§ **PROBLEM DETAILS**
Every line below that mentions the word "Seychelles" should be copied out.

§ **EXERCISE MATERIALS**

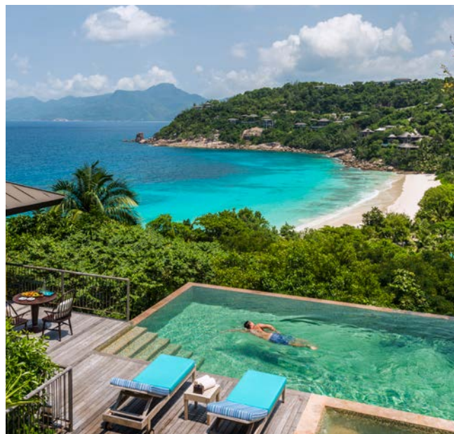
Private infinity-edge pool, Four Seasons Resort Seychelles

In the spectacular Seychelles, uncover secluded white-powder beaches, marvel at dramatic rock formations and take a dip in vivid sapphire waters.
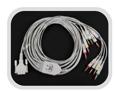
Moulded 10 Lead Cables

...

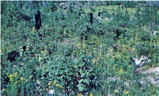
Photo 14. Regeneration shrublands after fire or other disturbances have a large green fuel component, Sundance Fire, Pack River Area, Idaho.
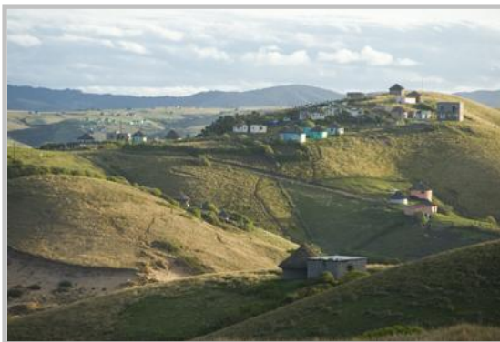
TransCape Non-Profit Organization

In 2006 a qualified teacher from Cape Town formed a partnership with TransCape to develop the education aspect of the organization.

* * *

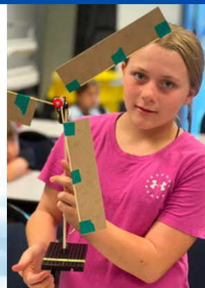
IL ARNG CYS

§ **WORKED SOLUTION**
Private infinity-edge pool, Four Seasons Resort Seychelles
In the spectacular Seychelles, uncover secluded white-powder beaches, marvel at dramatic rock formations and take a dip in vivid sapphire waters.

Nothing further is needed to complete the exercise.